[lbo-talk] Marx on the transience of crises

Charles Brown charlesb at cncl.ci.detroit.mi.us
Mon Jun 9 11:25:34 PDT 2008


I've said this many times, but that's never stopped me from saying it

again. If the left project is so dependent on crisis to do our polemical work for us, then we're doomed. If we can't convince people

that the normal operation of capitalism is unjust, violent, alienating, polarizing, etc., then we might as well give up. Because crises do resolve themselves, but the rest goes on. The "normal" should be the issue, not the extraordinary.

Doug

^^^^^ CB: Yes, the secular capitalist trends , not so much the cyclical trends. That's why I emphasize that Marxists should take their theoretical lead from Marx's discussion of the Absolute General Law of Capitalist Accumulation , which claims there is a secular, not just cyclical, trend in capitalism pauperise and immiserate masses. So, for example, we should constantly essay the gigantic prison population in the U.S., a "lazurus layer" of the relative surplus population, if there ever was one. We shouldn't spend so much time pointing to the downturn of the business cycle. Rather we should describe in detail the continous processes by which people are pauperized, pushed into crime, immiserated, driven crazy _in the boom phase of the business cycle_

http://www.marxists.org/archive/marx/works/1867-c1/ch25.htm#S4

"

Pauperism is the hospital of the active labour-army and the dead weight of the industrial reserve army. Its production is included in that of the relative surplus-population, its necessity in theirs; along with the surplus-population, pauperism forms a condition of capitalist production, and of the capitalist development of wealth. It enters into the faux frais of capitalist production; but capital knows how to throw these. for the most part, from its own shoulders on to those of the working-class and the lower middle class.

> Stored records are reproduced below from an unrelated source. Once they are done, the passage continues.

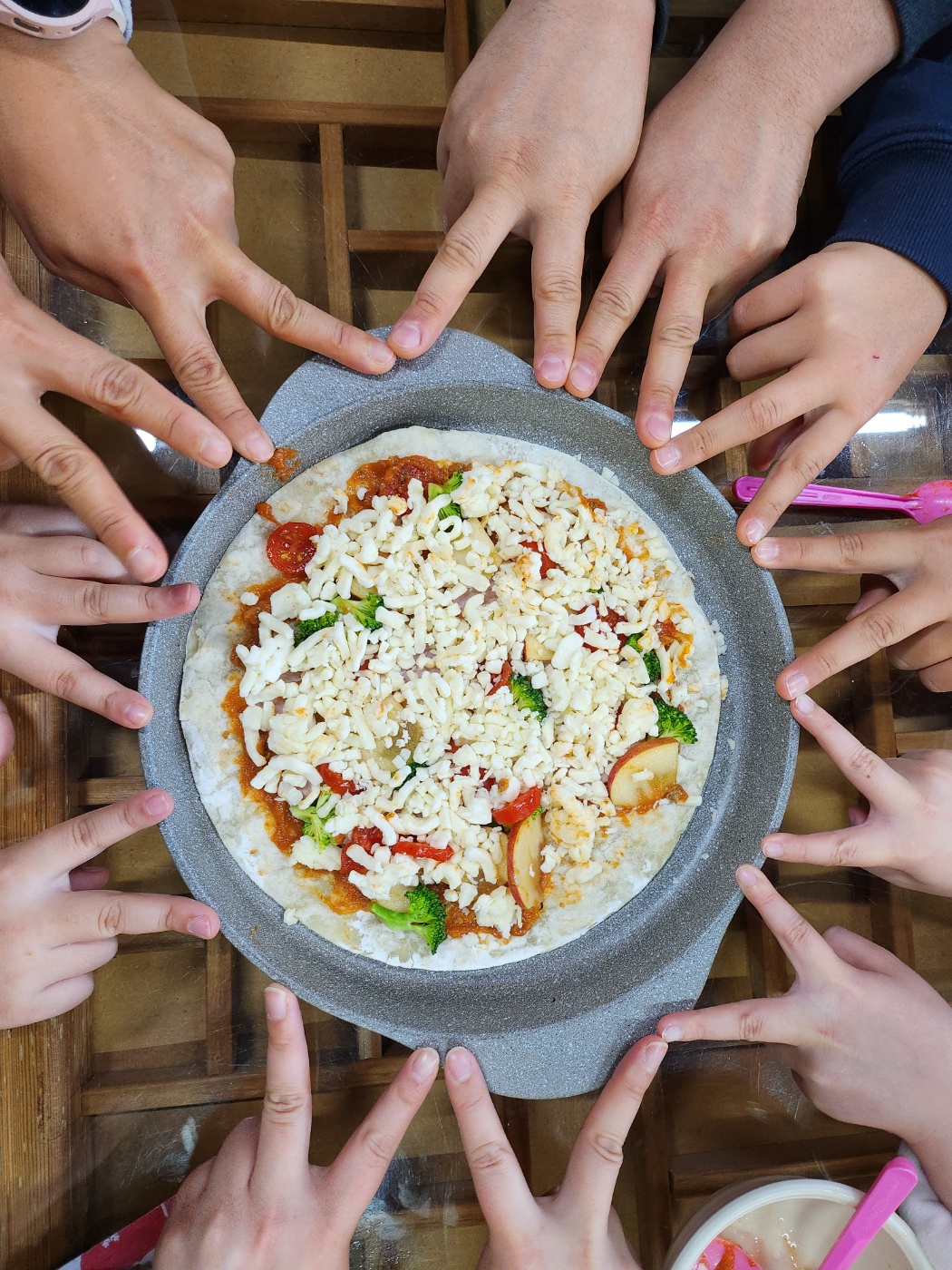 각 조별로 맛있는 피자를 만들고 난 후 점심식사 시간~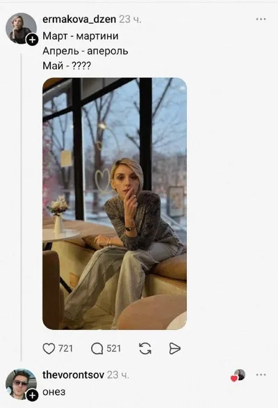 БлогиИсследование проблем современной женщины (в том числе по материалам таргета инсты). Реклама, вопросы: @en_ze Донаты по любви: 2202206818514486 Всякое — @leprosoriumcentral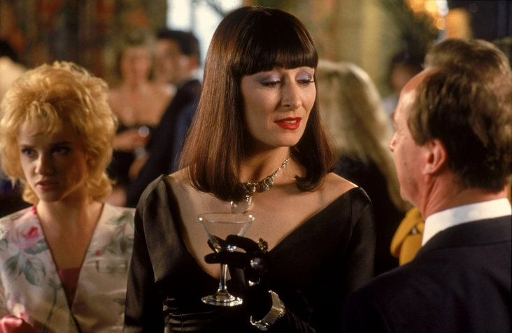 Длинные волосы, точеные черты лица, безупречная фигура — Анжелике Хьюстон суждено было предстать на экране в образе ведьмы. Еще до ее культовой роли Мортиши в ленте «Семейка Аддамс» Хьюстон сыграла настоящую повелительницу тьмы — Великую Верховную Ведьму. Ее ведьминский образ вне времени точно стоит взять за основу для праздничной ночи: драматичное черное платье, множество украшений, бархатные перчатки и легендарная стрижка боб навсегда вошли в историю кино.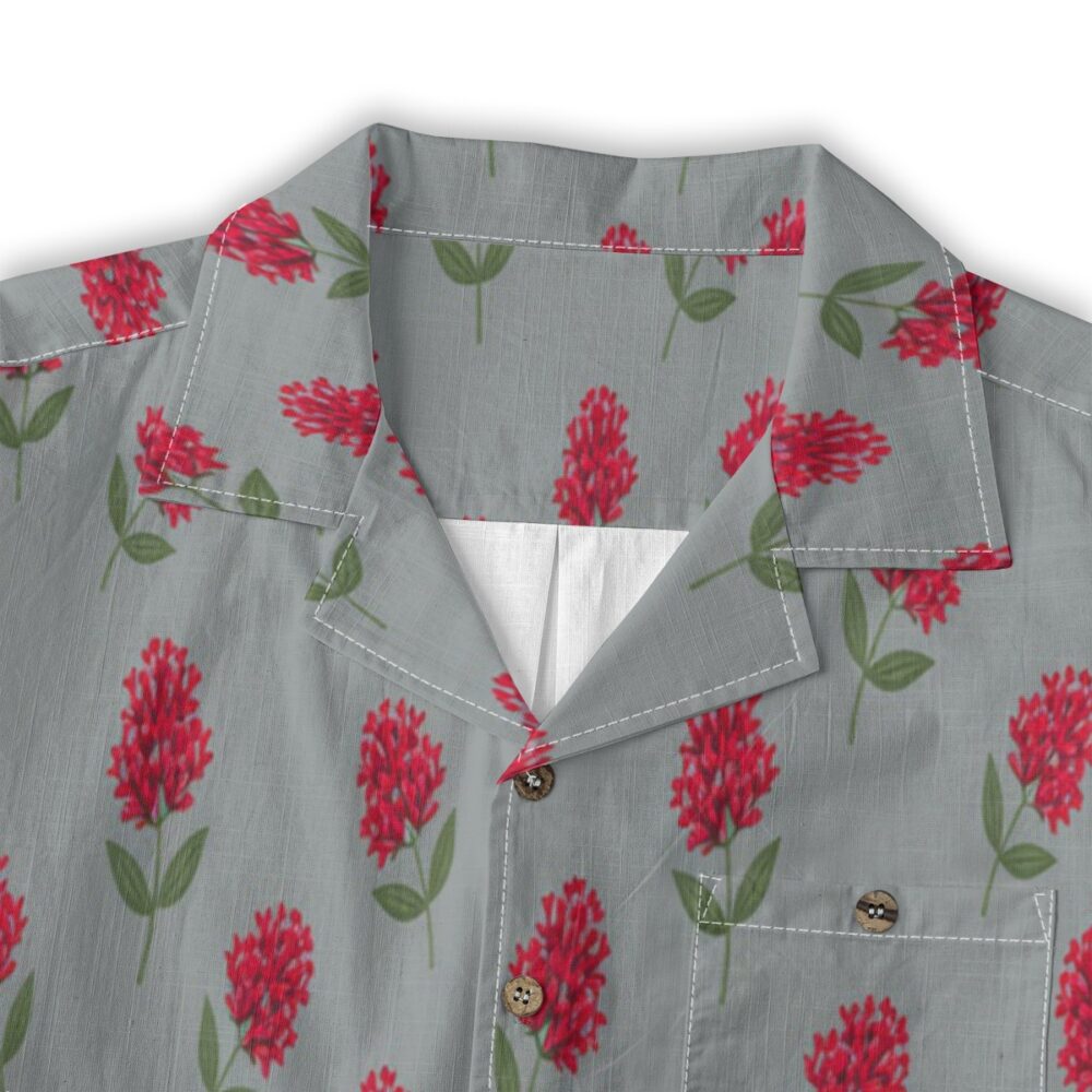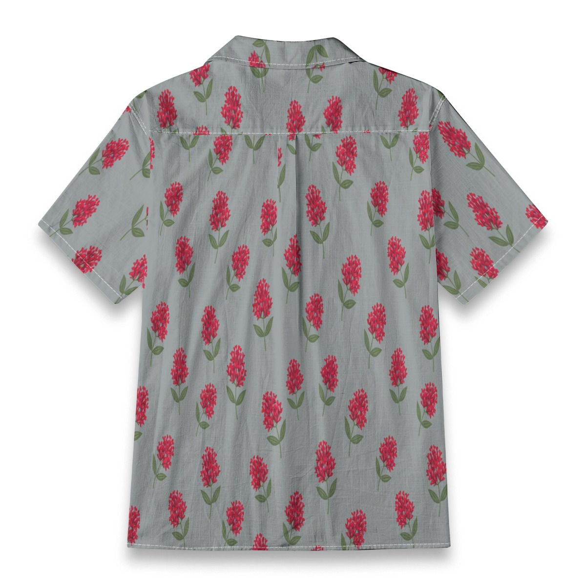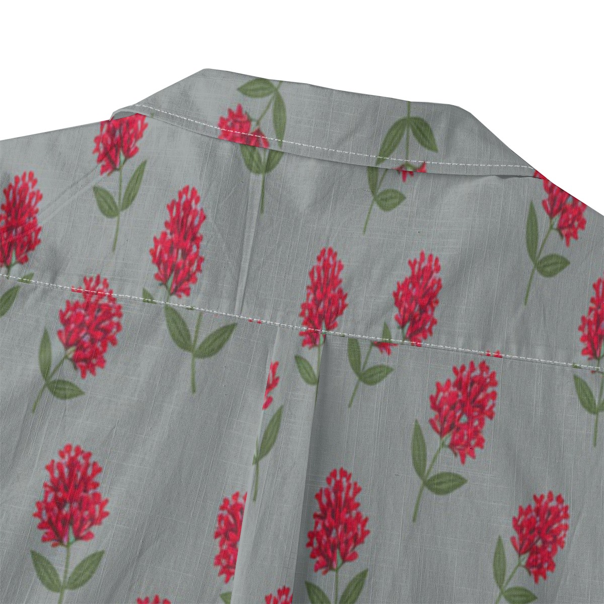 Vivid red valerian blooms stand out against a soft gray base, creating a striking yet balanced pattern. The green leaves add depth, while the evenly spaced layout keeps the design cohesive and lively.

The greater the social wealth, the functioning capital, the extent and energy of its growth, and, therefore, also the absolute mass of the proletariat and the productiveness of its labour, the greater is the industrial reserve army. The same causes which develop the expansive power of capital, develop also the labour-power at its disposal. The relative mass of the industrial reserve army increases therefore with the potential energy of wealth. But the greater this reserve army in proportion to the active labour-army, the greater is the mass of a consolidated surplus-population, whose misery is in inverse ratio to its torment of labour. The more extensive, finally, the lazarus-layers of the working-class, and the industrial reserve army, the greater is official pauperism. This is the absolute general law of capitalist accumulation. Like all other laws it is modified in its working by many circumstances, the analysis of which does not concern us here."